In 1938, Graudenz met the Luftwaffe officer and anti-fascist Harro Schulze-Boysen through his neighbour, the supposed fortune-teller and clairvoyant, Anna Krauss who also owned a lacquer and paint wholesaler. Graudenz became one the members of the anti-fascist resistance group of friends that was led by Schulze-Boysen and that would be later be named by the Gestapo as the Red Orchestra. In 1938, Shulze-Boysen's wife, Libertas, became a client of Annie Krauss. Krauss become a core part of the group and used her apartment to host two mimeograph machines that produced leaflets, with Graudenz running the operation.

Graudenz became one of the core members of the group and was considered by Schulze-Boysen as one of his most valuable informants, who had many contacts in the German aviation industry. As well as providing intelligence for the group, Graudenz's skills led to the production of a large number of propaganda leaflets and pamphlets for the group. In February 1942, Graudenz organised the preparation and production of the leaflet called "The people fear for Germany's future" (Die Sorge um Deutschlands Zukunft geht durch das Volk).

In the spring of 1942, Schulze-Boysen had discovered that Germany had found and deciphered several British codebooks that enabled them to chart the routes of several Allied convoys between Iceland and Northern Russia and were planning a large attack involving Luftwaffe aircraft, Kriegsmarine U-boats and the battleship Tirpitz. Shulze-Boysen was keen to inform the Allies. It was through Graudenz that Marcel Melliand, a left-wing textile magazine owner and businessman with good contacts in Switzerland became known to Schulze-Boysen. Schulze-Boysen asked Graudenz to establish a link with a contact in Switzerland through Melliand and both Graudenz and Melliand agreed. The Melliand contact was tried in August 1942 when Shulze-Boysen instructed Graudenz to ask Melliand to make the trip. The complete schedule of operations of the convoy was included in the intelligence report. However, the report did not reach England as Melliand was unable to obtain a permit for the trip.
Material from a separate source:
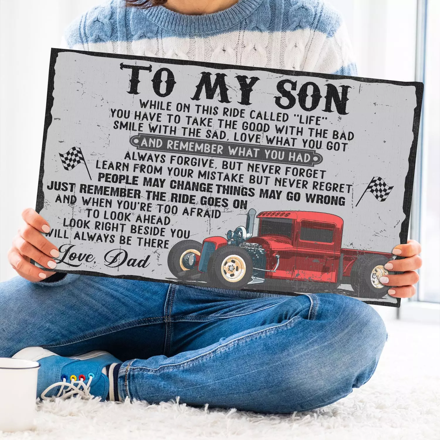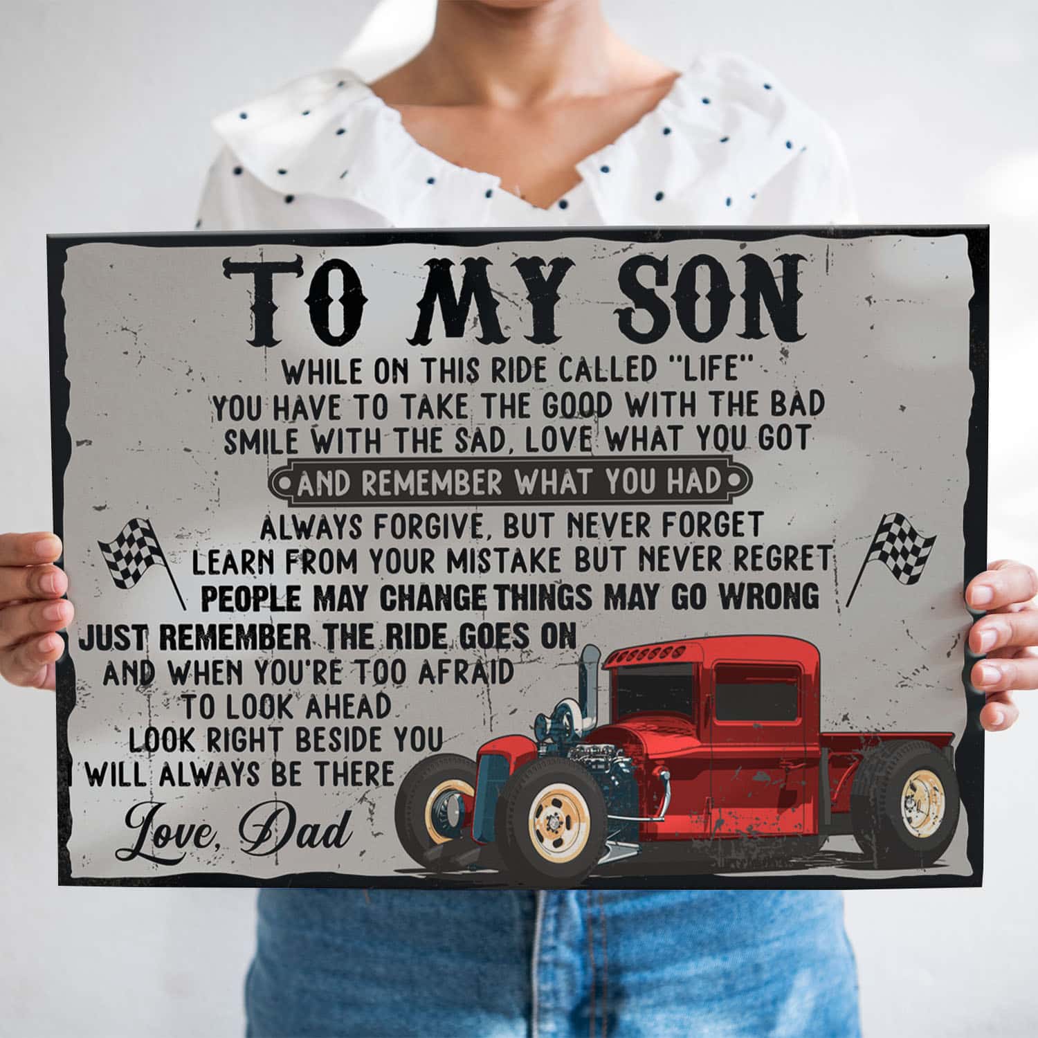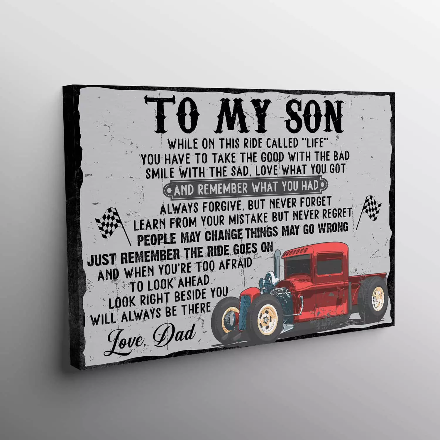 Let’s Shop To My Son While on This Ride Called Life You Have to Take the Good Hot Rod Framed Canvas Prints – Unframed Poster!
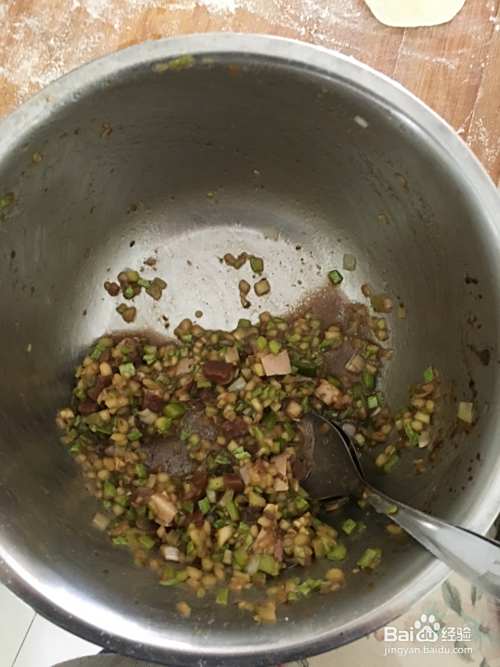 将肉丁、攥好的西葫芦丁和拌好的葱搅拌均匀,注意不要搅拌过度,以免西葫芦出水。再加入适量食用油,让馅料被食油均匀包裹。最后一步再加一勺盐,不用加太多,因为肉里的盐分已经很多了。(拌好后的馅忘记拍照了,马上包完了想起了)

Graudenz continued to produce political, military and economic reports for the resistance group. Graudenz worked for the firm, Blumhardt of Wuppertal that produced aircraft undercarriages and this enabled him to obtain information from a wide group of business and personal contact within the Nazi Ministry of Aviation. His most important report that he obtained through Hans Gerhard Henniger, an air ministry inspector was the Luftwaffe aircraft production figures for June to August 1942.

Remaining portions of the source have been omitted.